But they do not include:

  • Cost of acquisition of intangible assets
  • Interest paid or payable
  • Costs for the acquisition or development of immovable property
  • Amounts paid or payable directly or indirectly to a related party to conduct research and development irrespective of whether these amounts relate to a cost sharing agreement
  • Cost which cannot be proved that related directly to the Qualifying Asset

Uplift Expenditure (UE)

Uplift Expenditure means the lower of:

  • 30% of qualifying expenditure, or
  • The total amount for the cost of acquisition and the research and development outsourced to related parties

Overall Expenditure (OE)

Overall Expenditure means the total capital expenditure either qualifying or not, relating to the creation of the Qualifying IP.

Overall Income (OI)

The term Overall Income refers to the gross income arising from the Qualifying IP in a tax year less the direct costs incurred for the production of this gross income. The term includes but it is not restricted to the following:

  • Royalties or other amounts in relation to the use of the Qualifying IP
  • Any amount received as license for the use of a Qualifying IP
  • Any amount received from insurance or compensation in relation to the Qualifying IP
  • Embedded income of the Qualifying IP which income derives from the sale of goods, services or procedures relating directly with the Qualifying asset

Direct costs include:

  • All direct or indirect costs incurred in earning the income from the qualifying intangible asset
  • The amortization of the cost of the intangible
  • Notional Interest Deduction (NID) on equity contributed to finance the development of the qualifying intangible asset

Capital gain derived from the disposal of Qualifying IP are not included in the Overall Income and are fully exempt from Tax.

 

III.         Accounting Records
 

Any person who claims benefit under the IP Box Regime should maintain proper books and records in accordance with the laws in Cyprus.

 

IV.       Practical Examples
 

Practical examples can be found in Schedule 2 of this brochure.

 

C.    CYPRUS – THE IDEAL IP HOLDING JURISDICTION

Taking into consideration the global tax trends and requirements as well as the specific requirements of the Cyprus IP Box, the simple set-up of a company in Cyprus will not be adequate in order to enjoy the full benefits that Cyprus has to offer.

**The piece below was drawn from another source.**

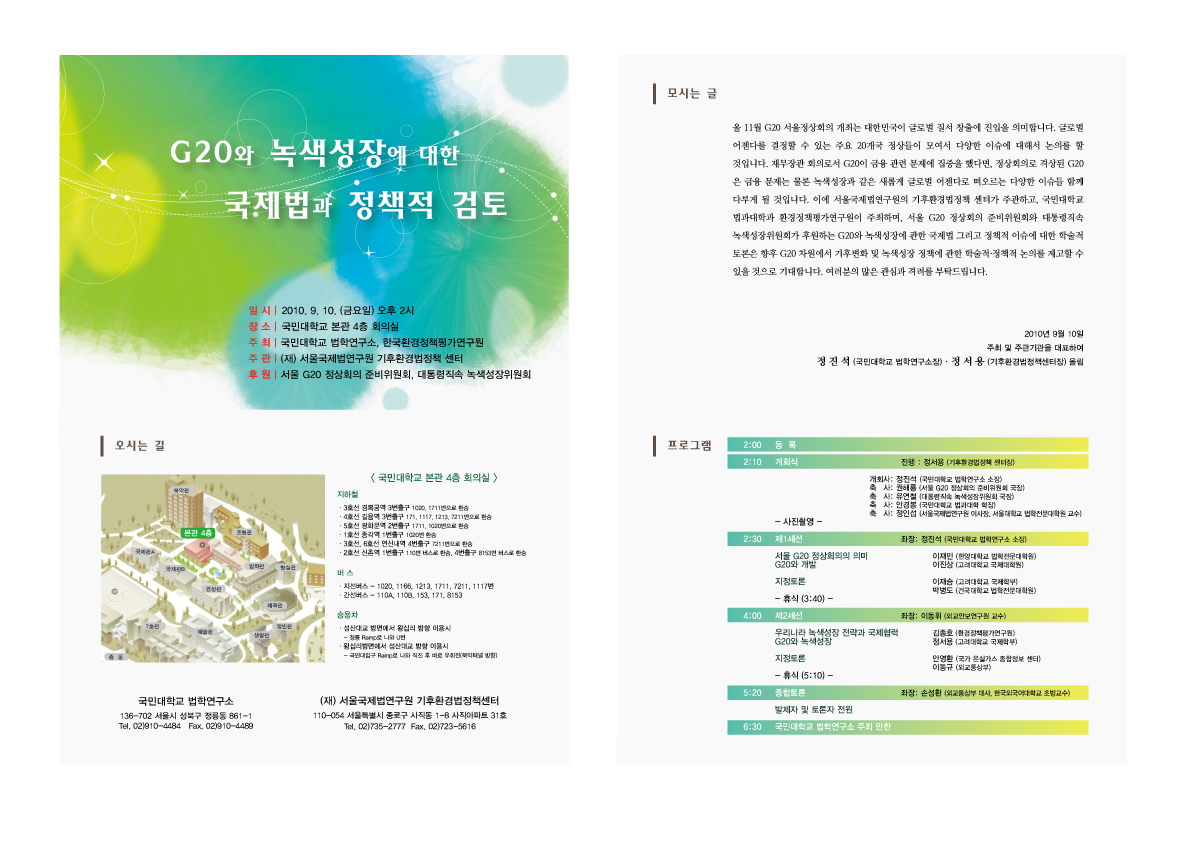 올 11월 G20 서울정상회의 개최는 대한민국이 글로벌 질서 창출에 진입을 의미합니다. 글로벌 어젠다를 결정할 수 있는 주요 20개국 정상들이 모여서 다양한 이슈에 대해서 논의를 할 것입니다. 재무장관 회의로서 G20이 금융 관련 문제에 집중을 했다면, 정상회의로 격상된 G20은 금융 문제는 물론 녹색성장과 같은 새롭게 글로벌 어젠다로 떠오르는 다양한 이슈를 함께 다루게 될 것입니다. 이에 G20와 녹색성장에 관한 국제법 그리고 정책적 이슈에 대한 학술적 토론은 향후 G20 차원에서 기후변화 및 녹색성장 정책에 관한 학술적˙정책적 논의를 제고할 수 있을 것으로 기대합니다. 여러분의 많은 관심과 격려를 부탁드립니다.

The investors who want to create an efficient structure in order to develop the patents or copyrights (i.e. computer software) must create strong roots and real economic substance in Cyprus. Therefore, they will need to set up their regional headquarters in Cyprus, relocate specialist from abroad to form a strong board of directors and middle management and/or use the local employment market to find suitable employees. By doing this a whole new window of opportunity is opened for the investors to develop innovation in a welcomed and tax efficient environment.

The Cyprus IP Box in relation to the tax treatment of royalties received from a Qualifying IP as analysed above, is definitely beneficial. However, when taking into consideration the other features of the Cyprus tax, legal and business environment it becomes evident that Cyprus is the ideal IP Holding Jurisdiction.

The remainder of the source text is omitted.